Every one of these is trivial with the right model and miserable with the comma-separated column.
What went wrong: a hidden M:N
The relationship between articles and tags is many-to-many: an article has many tags, and a tag applies to many articles. The text column tried to pretend it was a single attribute, hiding the M:N. As Chapter 17 stresses, M:N relationships require a junction table — and tags are also a multi-valued attribute, which likewise becomes its own table. Two signals, same fix.
The correct model
Three entities — articles, tags, and the junction article_tags:
CREATE TABLE tags (
tag_id integer GENERATED ALWAYS AS IDENTITY PRIMARY KEY,
name text NOT NULL UNIQUE, -- canonical, no duplicates
description text,
color text -- tags can now have attributes
);
CREATE TABLE article_tags ( -- the junction (M:N resolution)
article_id integer NOT NULL REFERENCES articles (article_id) ON DELETE CASCADE,
tag_id integer NOT NULL REFERENCES tags (tag_id) ON DELETE CASCADE,
PRIMARY KEY (article_id, tag_id)
);
Now every painful request becomes a clean query:
-- Articles tagged 'postgres' (exact, indexable):
SELECT a.* FROM articles a
JOIN article_tags at ON at.article_id = a.article_id
JOIN tags t ON t.tag_id = at.tag_id
WHERE t.name = 'postgres';
-- Rename a tag everywhere, in one place:
UPDATE tags SET name = 'PostgreSQL' WHERE name = 'postgres';
-- Tag usage counts:
SELECT t.name, COUNT(*) AS articles
FROM tags t JOIN article_tags at ON at.tag_id = t.tag_id
GROUP BY t.name ORDER BY articles DESC;
The UNIQUE(name) on tags enforces a canonical tag set (no duplicates/misspellings proliferating); the foreign keys guarantee integrity; the junction's composite PK prevents tagging the same article twice with the same tag; and tags can now carry their own attributes.
The analysis
-
A list in a column is an unmodeled M:N (or multi-valued attribute).
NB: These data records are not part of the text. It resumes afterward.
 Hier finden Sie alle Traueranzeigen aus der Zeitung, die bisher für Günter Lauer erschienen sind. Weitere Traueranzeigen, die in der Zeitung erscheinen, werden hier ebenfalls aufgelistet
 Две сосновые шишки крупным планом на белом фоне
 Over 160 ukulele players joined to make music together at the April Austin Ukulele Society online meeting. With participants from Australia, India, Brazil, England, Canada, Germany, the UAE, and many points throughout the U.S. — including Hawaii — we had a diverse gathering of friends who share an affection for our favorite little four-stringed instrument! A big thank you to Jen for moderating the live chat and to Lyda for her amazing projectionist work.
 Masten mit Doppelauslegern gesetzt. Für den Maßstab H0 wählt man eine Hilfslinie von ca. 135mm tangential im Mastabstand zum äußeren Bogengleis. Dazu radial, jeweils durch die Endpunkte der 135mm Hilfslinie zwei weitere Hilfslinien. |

The comma-separated string is the symptom; the disease is failing to recognize that articles↔tags is many-to-many. Both signals — "many on both sides" and "a multi-valued attribute" — point to a separate table.
-
The junction table is the universal cure.
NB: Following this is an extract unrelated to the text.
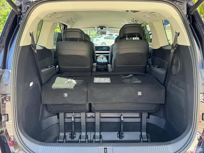 这车的后备箱空间也够用了,横着可以直接放儿童单车,出远门能装全家的行李。第三排还能四六比例折叠,灵活性比较高,当5座车、6座车用都可以,电动尾门开关也不费劲。

article_tags(article_id, tag_id)restores querying (joins, exact matches, indexes), integrity (FKs, unique tags), and extensibility (attributes on the tag, and even on the relationship — e.g., who applied the tag, when). -
"It shipped fast" is a false economy. The column saved an hour at creation and cost weeks across every tag-related feature, plus data-quality problems (duplicate/misspelled tags) that are hard to clean up retroactively.
-
String-surgery on packed columns is fragile.
LIKE '%tag%'andreplace()produce false matches and corruption (postgresinsidepostgres-tips). Structured data avoids the whole class of bug. -
This is theme #1, vividly. Design is the most important skill. Recognizing the M:N at modeling time (Chapter 17) and resolving it with a junction (Chapter 18) makes everything downstream easy. The shortcut at design time becomes the bottleneck forever.
Discussion questions
- Identify the relationship between articles and tags. Why is a single column the wrong model for it?
- For each of the five feature requests, explain why it's hard with the column and easy with the junction.
- What does
UNIQUE(name)ontagsbuy you that the text column never could? - The junction's primary key is
(article_id, tag_id). What rule does that enforce? - ⭐ Suppose you later need "who applied this tag and when." Where does that data go, and why is it now trivial to add?